### About this task:
In the records below, repeat word for word only the lines starting at the one that contains "No cargo, o" and ending at the one that contains "Example 13 ORAMASK® 810", pictures excluded.

Extracted data entries
================================

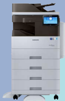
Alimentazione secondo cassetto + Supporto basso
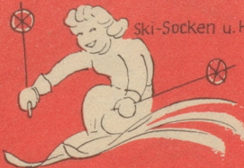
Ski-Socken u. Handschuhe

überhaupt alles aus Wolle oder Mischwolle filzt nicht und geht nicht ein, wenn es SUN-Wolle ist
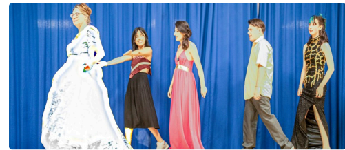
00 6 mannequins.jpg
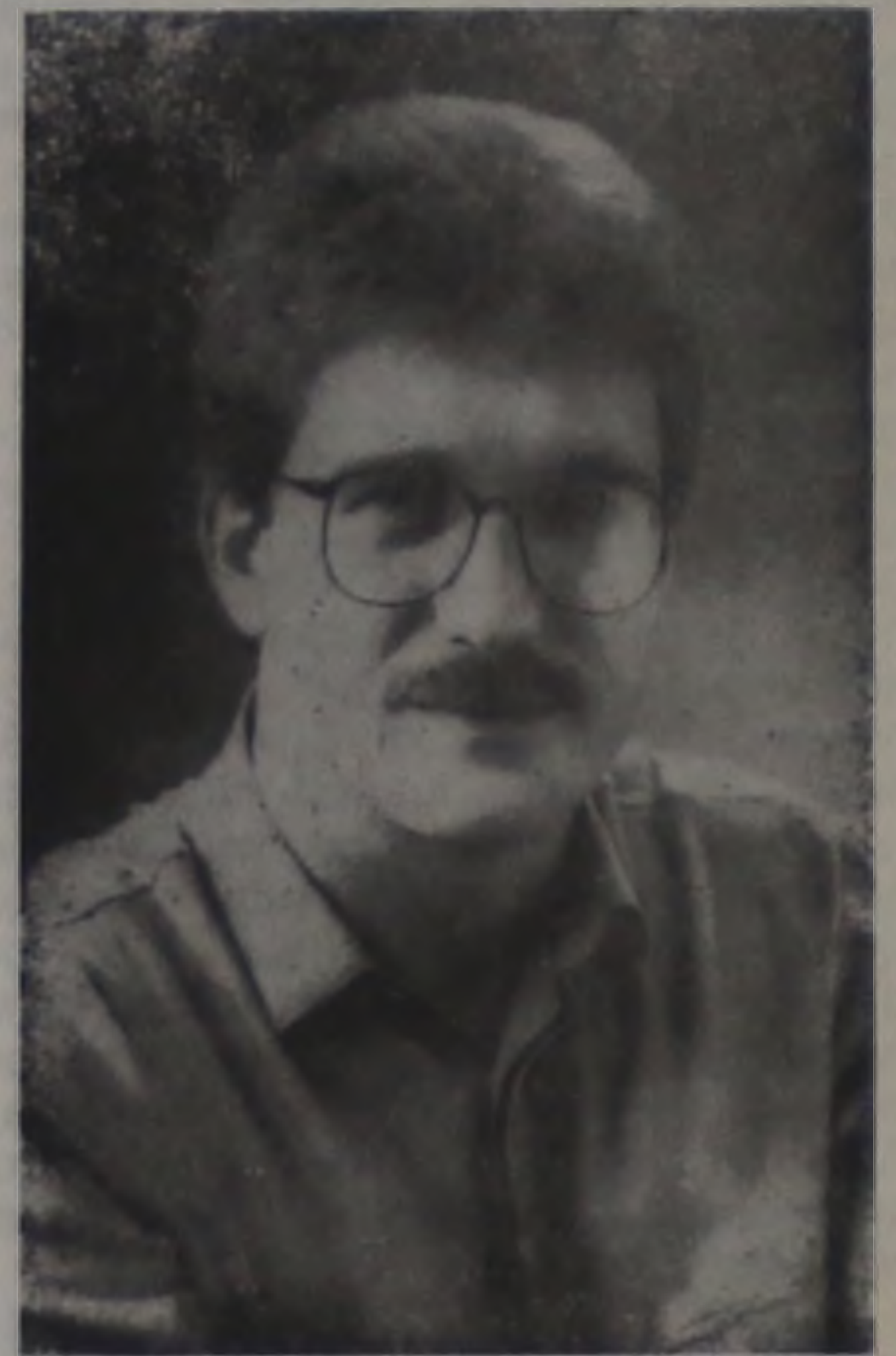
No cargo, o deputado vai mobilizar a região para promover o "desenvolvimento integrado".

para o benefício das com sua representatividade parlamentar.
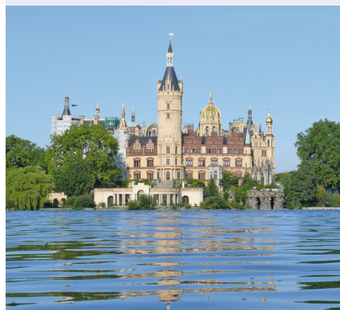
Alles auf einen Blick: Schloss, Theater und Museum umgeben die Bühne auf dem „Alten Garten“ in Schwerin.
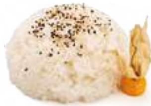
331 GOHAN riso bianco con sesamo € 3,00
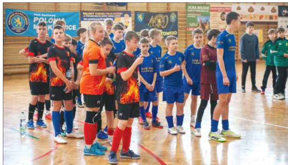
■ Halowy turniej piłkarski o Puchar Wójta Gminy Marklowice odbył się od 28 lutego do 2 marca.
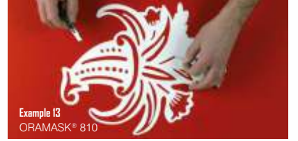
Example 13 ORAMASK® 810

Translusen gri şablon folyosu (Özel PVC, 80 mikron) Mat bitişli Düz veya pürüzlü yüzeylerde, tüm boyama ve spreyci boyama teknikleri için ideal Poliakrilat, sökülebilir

================================

### Task response:
No cargo, o deputado vai mobilizar a região para promover o "desenvolvimento integrado".

para o benefício das com sua representatividade parlamentar.
Alles auf einen Blick: Schloss, Theater und Museum umgeben die Bühne auf dem „Alten Garten“ in Schwerin.
331 GOHAN riso bianco con sesamo € 3,00
■ Halowy turniej piłkarski o Puchar Wójta Gminy Marklowice odbył się od 28 lutego do 2 marca.
Example 13 ORAMASK® 810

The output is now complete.